EDITORIAL


https://doi.org/10.5005/jp-journals-10071-24394
Indian Journal of Critical Care Medicine
Volume 27 | Issue 1 | Year 2023

Multidrug Resistance: The Growing Menace in PICU


Shrishu R Kamathhttps://orcid.org/0000-0002-8030-1094

Department of Pediatric Intensive Care Unit, SIMS Hospital, Chennai, Tamil Nadu, India

Corresponding Author: Shrishu R Kamath, Department of Pediatric Intensive Care Unit, SIMS Hospital, Chennai, Tamil Nadu, India, Phone: +91 44-42010123, e-mail: shrishu@yahoo.com

How to cite this article: Kamath SR. Multidrug Resistance: The Growing Menace in PICU. Indian J Crit Care Med 2023;27(1):6–7.

Source of support: Nil

Conflict of interest: None

Received on: 26 December 2022; Accepted on: 27 December 2022; Published on: 31 December 2022

Keywords: Antimicrobial agents, Antibiotic stewardship, Multidrug resistance.

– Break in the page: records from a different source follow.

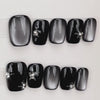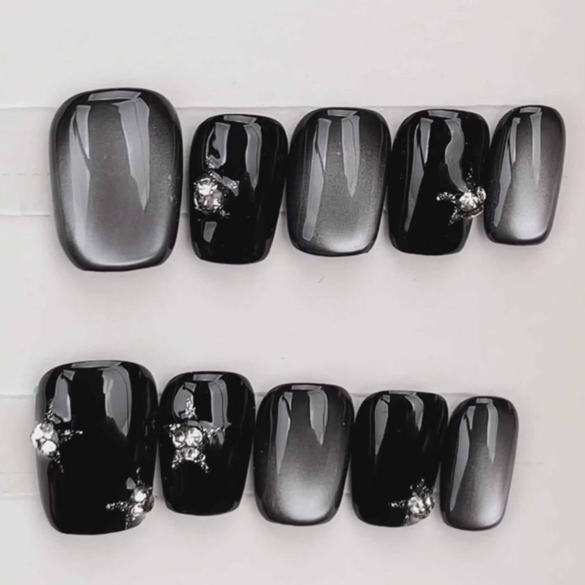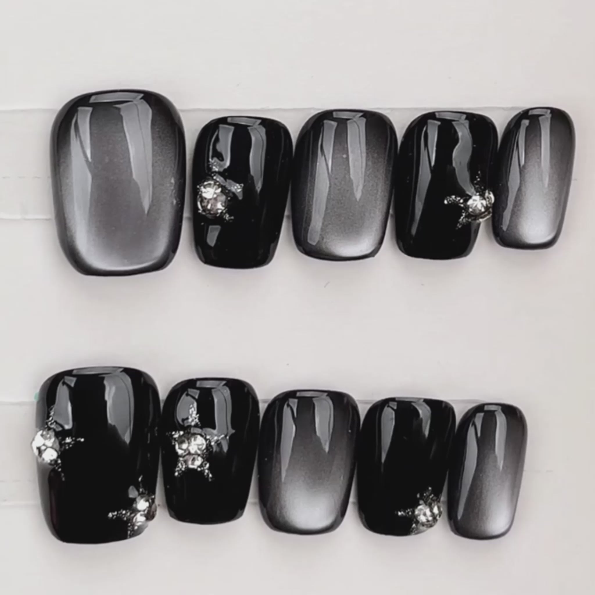 Soft yet striking, Midnight Halo features a mesmerizing black cat-eye gradient with magnetic shimmer and dazzling crystal accents. These press-ons are for the confident — a luxe look that shifts subtly in the light and sparkles with every gesture.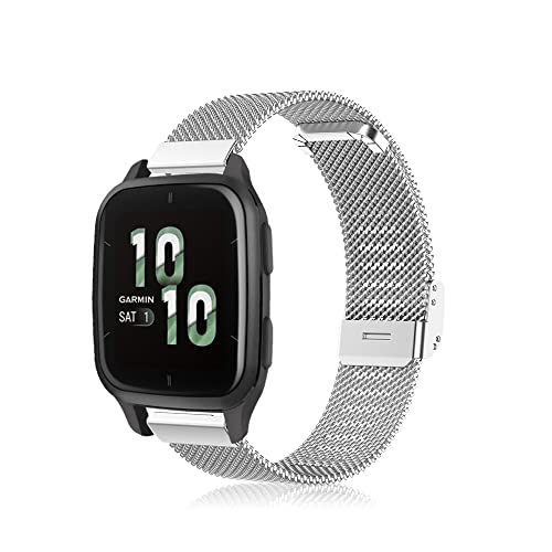 Niboow 20mm Métal Bracelet pour Garmin Venu Sq 2/Venu Sq 2 Music/Venu 2 Plus/Venu Sq/Venu Sq Music, Métal Acier Inoxydable Bracelet pour Garmin Vivoactive 5/Vivoactive 3 Music/Forerunner 245 - Argent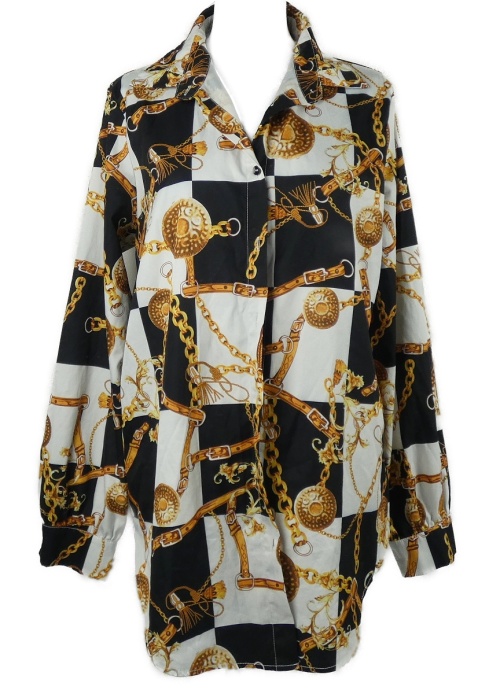 Dámská bílo-tmavomodrá kostkovaná halenková tunika s potiskem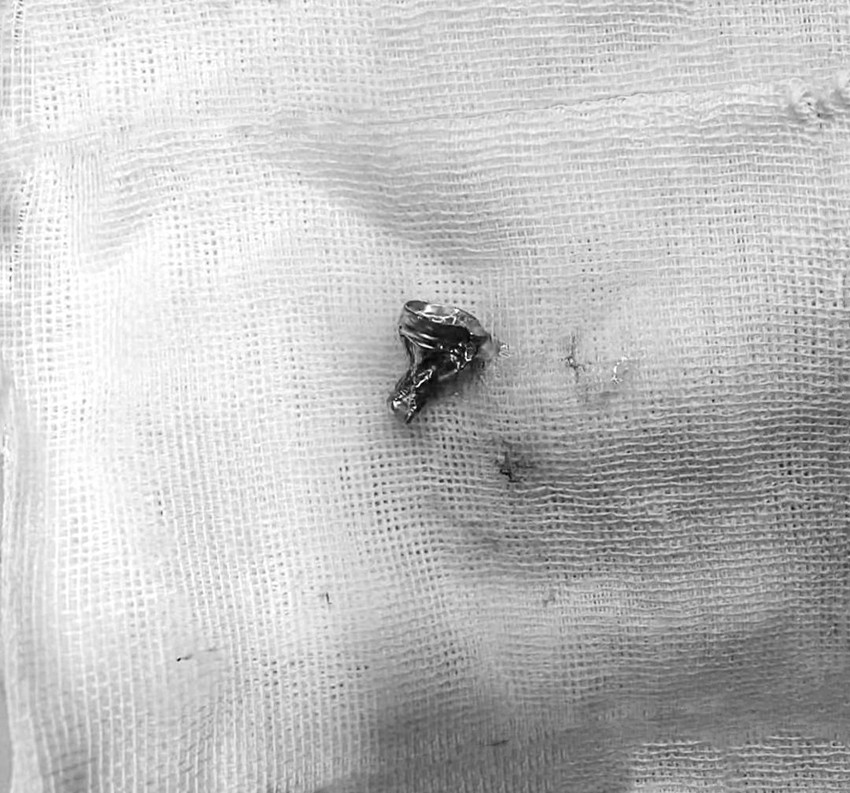手術(shù)于1月5日13時開始,在醫(yī)院呼吸與重癥醫(yī)學(xué)科、消化胃腸鏡室的支持下,兒科與麻醉科醫(yī)護(hù)人員密切合作,兒科醫(yī)生劉勤、張雪瓊冷靜操作、沉穩(wěn)手術(shù),最終將異物成功取出。經(jīng)仔細(xì)檢查,異物為一扭曲變形的鉛筆頭鋁箍。

Antibiotic resistance in bacteria is obtained through various mechanisms, either genetic or acquired. Antibiotic resistance is a problem that plagues every ICU irrespective of the types of cases in it. These “superbugs” with antimicrobial resistance have emerged as one of the leading public health threats of the 21st century. The Review on Antimicrobial Resistance, commissioned by the UK Government, argued that AMR could cause an overall mortality of 10 million people per year by 2050. The spread of MDR organisms is an urgent issue requiring a global, coordinated action plan to address.15

Most antibiotic resistance is hospital-acquired, but few types of resistance are even passed on to community-acquired organisms—this is quite alarming. The ICU is the epicenter of this crisis of antimicrobial resistance in hospitalized patients, and the number of these bacteria is increasing with each passing day.

Newborn babies, infants, and children are substantially affected by antimicrobial resistance. Globally, infectious diseases remain a major cause of morbidity and mortality in children, and an estimated 2,14,000 newborn babies died from drug-resistant bacterial infections in 2015. The evidences supporting pediatric MDR infections compared to adults are very few.6,7

In the current issue of the journal, Patel et al. describe the incidence of MDR organisms in pediatric patients admitted to neurointensive care.8 They report 17.3/1000 patient days as the overall incidence of MDR infections in pediatric patients admitted to neurointensive care. MDR Klebsiella pneumoniae was the commonest pathogen (38.7%) isolated in this study followed by MDR Pseudomonas aeruginosa (22.5%) and MDR Escherichia coli (12.9%). The factors they associate include the length of stay in the neurosurgical ICU, ventilation >5 days duration with cardiac and respiratory comorbidities, and invasive emergency surgery with poor nutrition status. They also cite that the relatively underdeveloped immune system may be a factor for the same.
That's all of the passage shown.